[[ SUPPLIED RECORDS, beginning ]]

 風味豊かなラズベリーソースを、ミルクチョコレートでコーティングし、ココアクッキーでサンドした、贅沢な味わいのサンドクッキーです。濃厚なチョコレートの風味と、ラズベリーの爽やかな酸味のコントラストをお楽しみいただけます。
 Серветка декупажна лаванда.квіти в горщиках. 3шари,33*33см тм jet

[[ SUPPLIED RECORDS, end ]]
[[ SUPPLIED RECORDS, beginning ]]

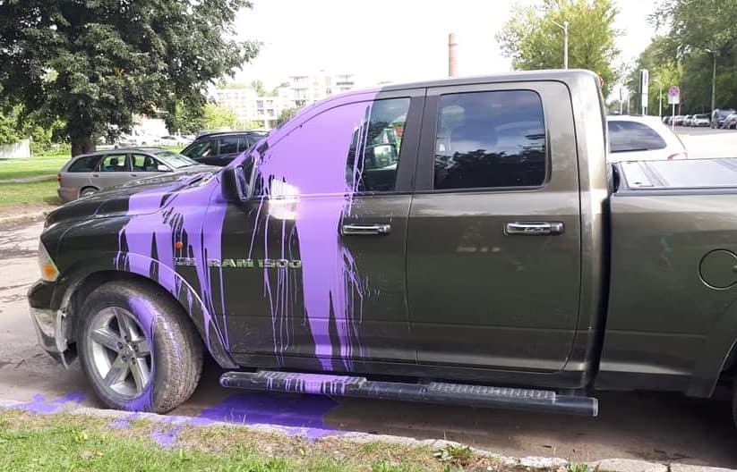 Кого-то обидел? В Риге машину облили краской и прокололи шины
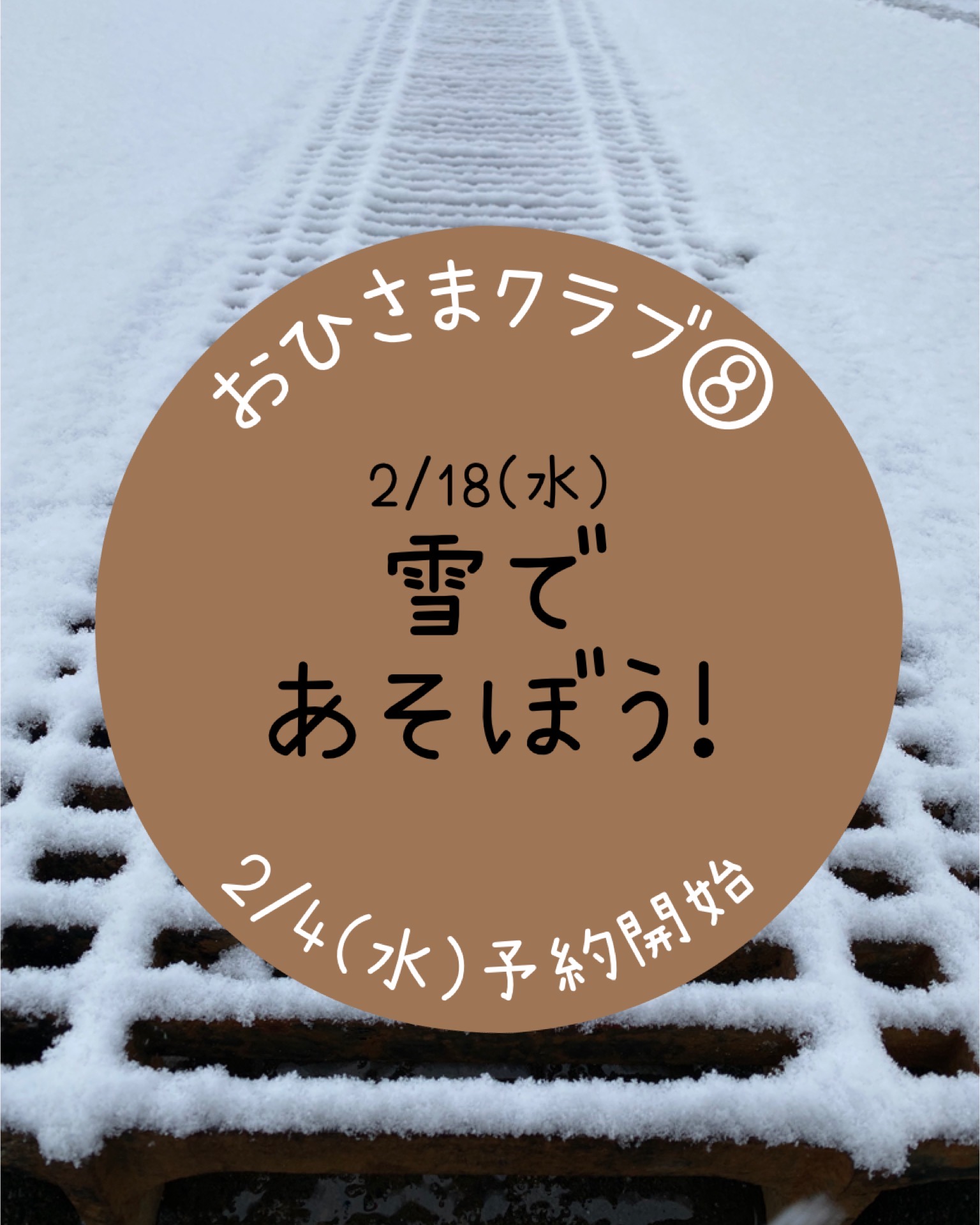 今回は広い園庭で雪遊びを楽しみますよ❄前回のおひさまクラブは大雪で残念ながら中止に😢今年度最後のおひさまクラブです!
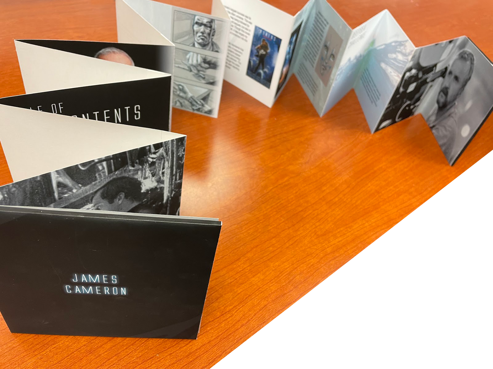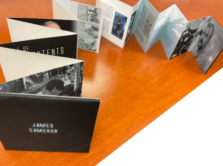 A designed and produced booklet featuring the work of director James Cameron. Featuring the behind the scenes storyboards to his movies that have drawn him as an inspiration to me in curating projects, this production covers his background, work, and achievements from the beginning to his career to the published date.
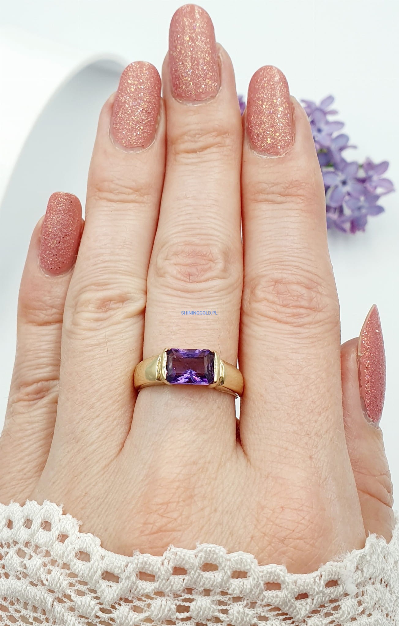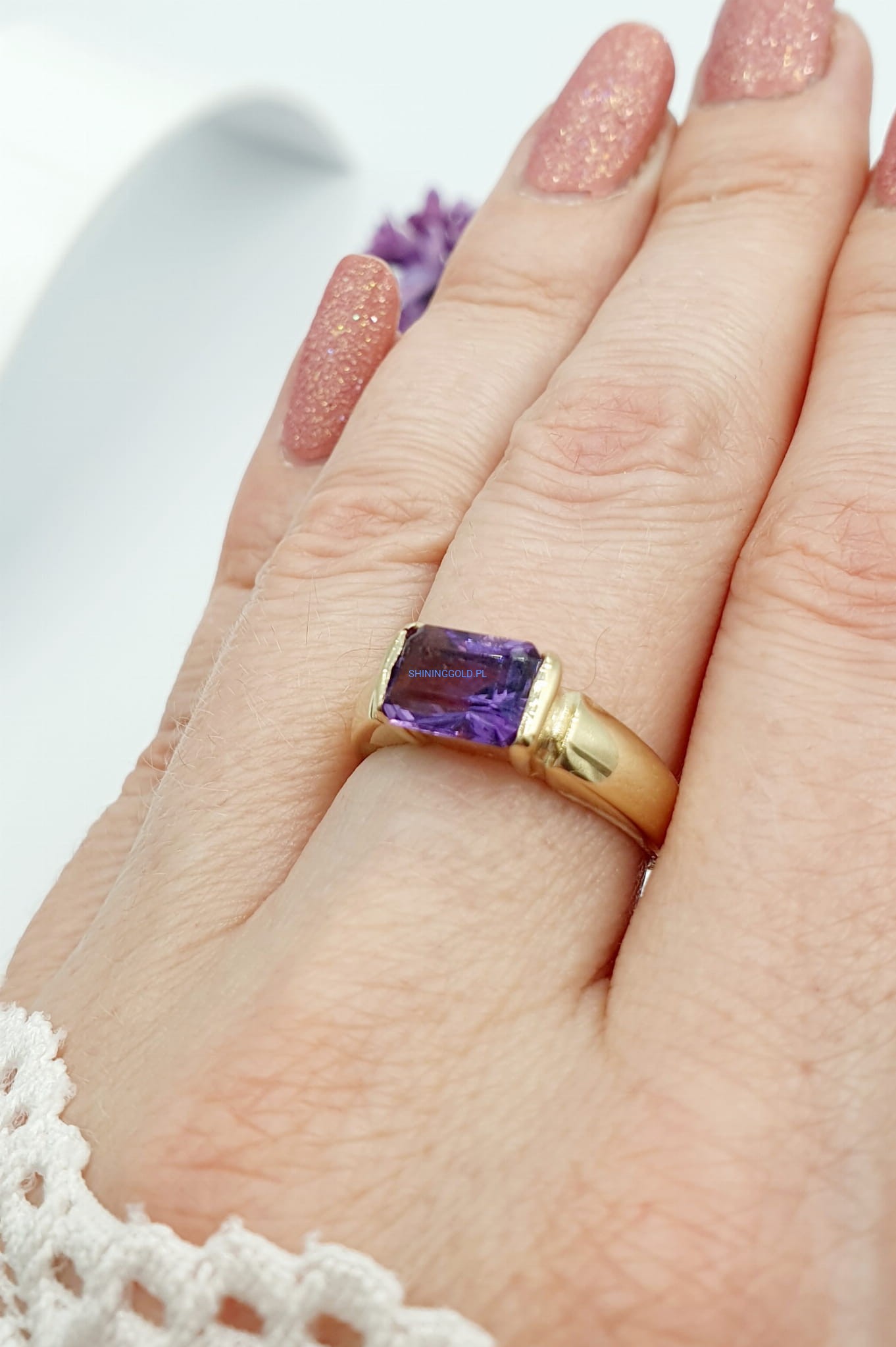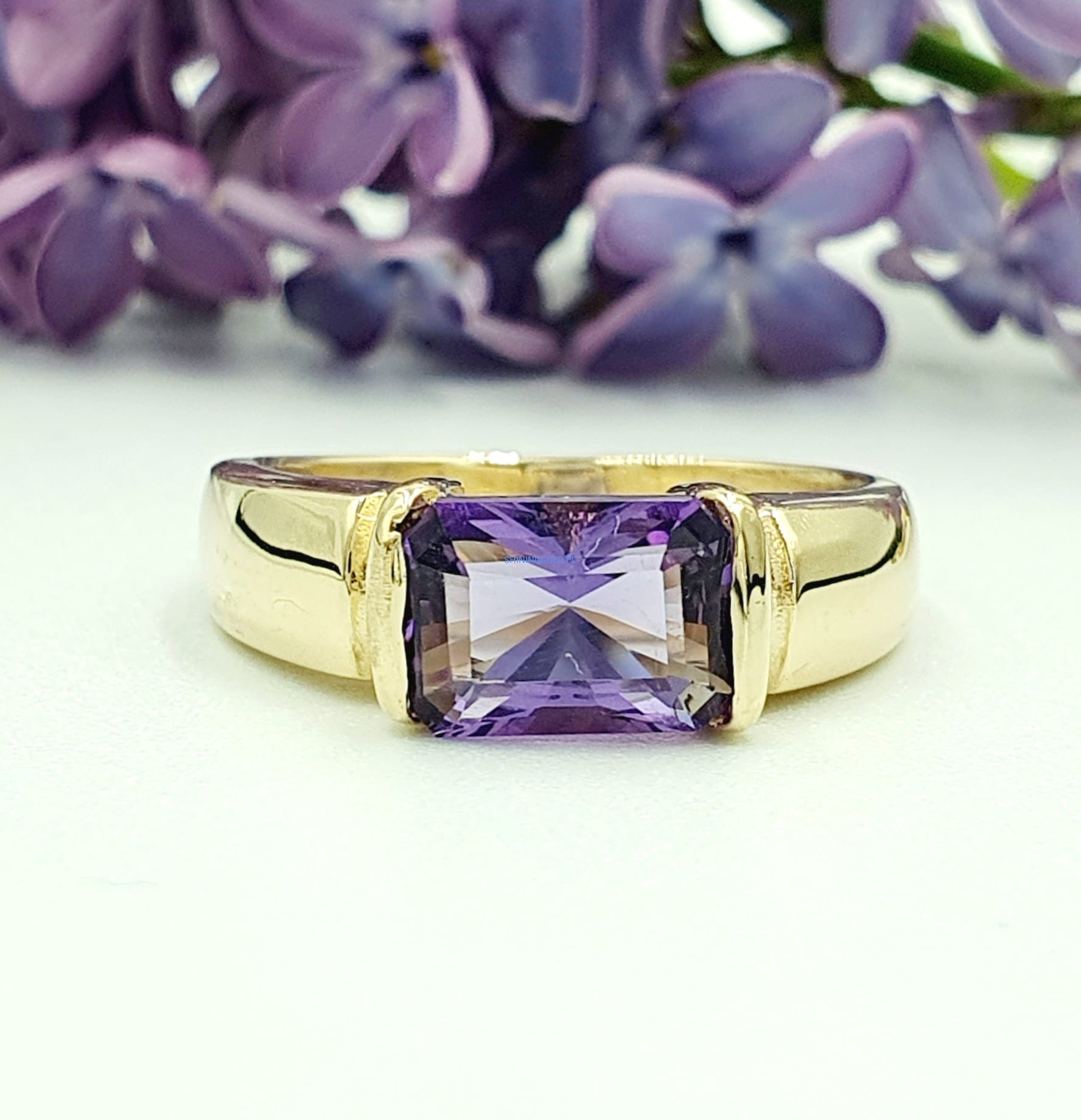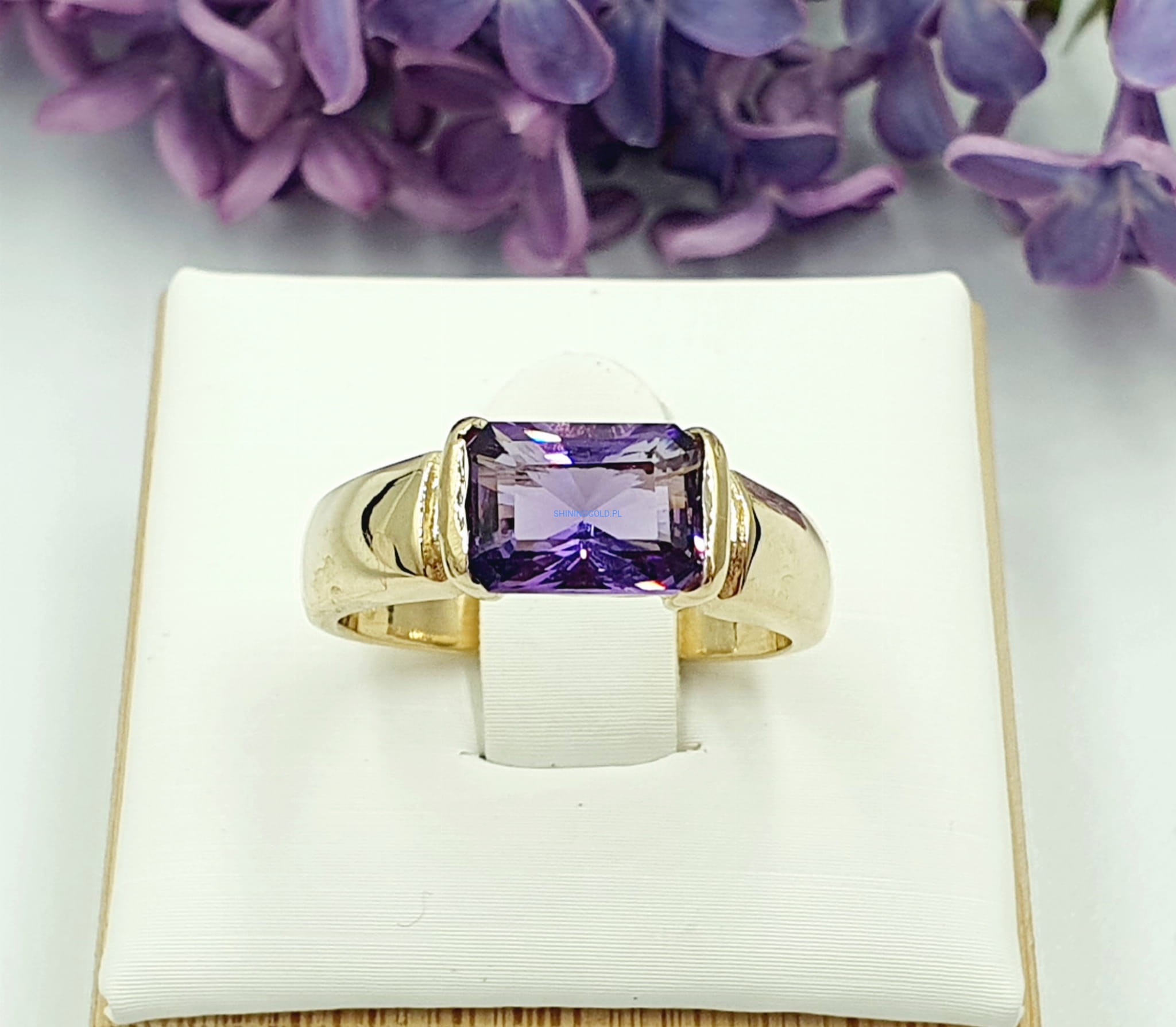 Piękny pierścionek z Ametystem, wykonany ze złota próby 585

[[ SUPPLIED RECORDS, end ]]

Above are the lines; repeat exactly the ones from the line containing "風味豊かなラズベリーソースを" down to the line containing "Серветка декупажна лаванда.квіти", both inclusive.

 風味豊かなラズベリーソースを、ミルクチョコレートでコーティングし、ココアクッキーでサンドした、贅沢な味わいのサンドクッキーです。濃厚なチョコレートの風味と、ラズベリーの爽やかな酸味のコントラストをお楽しみいただけます。
 Серветка декупажна лаванда.квіти в горщиках. 3шари,33*33см тм jet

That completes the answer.